Caviar

CAVIAR

Caviar, sometimes black caviar, is a luxury food delicacy, consisting in processed, salted, non-fertilized sturgeon roe. The roe can be "fresh" (non-pasteurized) or pasteurized, the latter having much less gastronomic and economic value.

Traditionally the designation caviar is only used for sturgeon roe, namely from the wild sturgeon species from the Caspian Sea, in most cases from Russia or Iran (Beluga, Ossetra and Sevruga caviars). These caviar varieties, according to their quality (flavour, size, consistency and colour) can reach (February 2009) prices between 6,000€ and 12,000€ per kilo, and are associated with gourmet and Haute cuisine environments.

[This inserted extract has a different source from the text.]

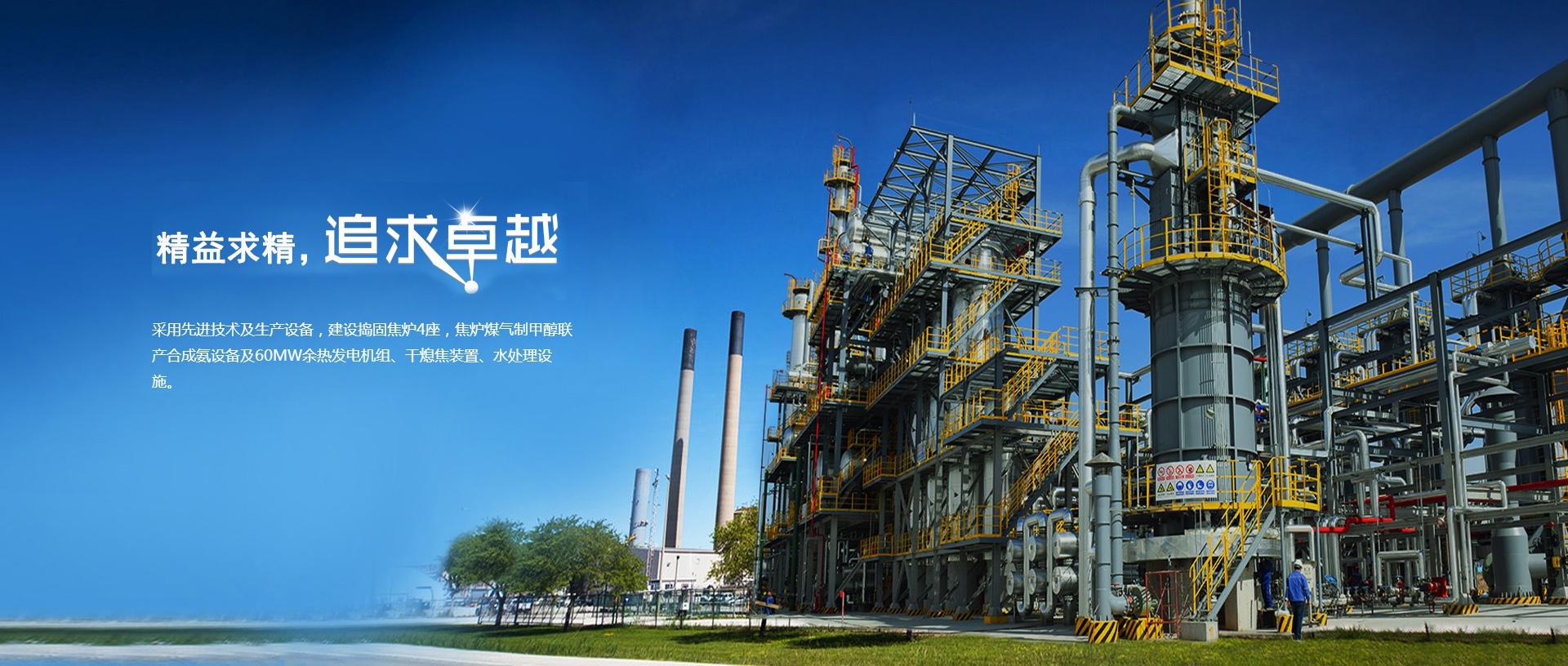 用先進(jìn)技術(shù)及生產(chǎn)設(shè)備,建設(shè)搗固焦?fàn)t4座,焦?fàn)t煤氣制甲醇聯(lián)產(chǎn)合成氨設(shè)備及60MW余熱發(fā)電機(jī)組、干熄焦裝置、水處理設(shè)施。

Presently, depending on specific national laws, the name caviar may be used by a variety of far less expensive products, substitutes and imitations of caviar, such as salmon roe (sometimes called red caviar), trout roe, lumpfish roe, etc.

However, according to the Food and Agriculture Organization, roe from any species not Acipenseriformes (including Acipenseridae, or sturgeon strictu sensu, and Polyodontidae, or paddlefish) are not caviar, but "substitutes of caviar".


This position is also adopted by the Convention on International Trade in Endangered Species of Wild Fauna and Flora, the World Wide Fund for Nature, the United States Customs Service, and the Republic of France.

Caviar is commercially marketed worldwide as a delicacy and is eaten as a garnish or a spread; for example, with hors d'œuvres.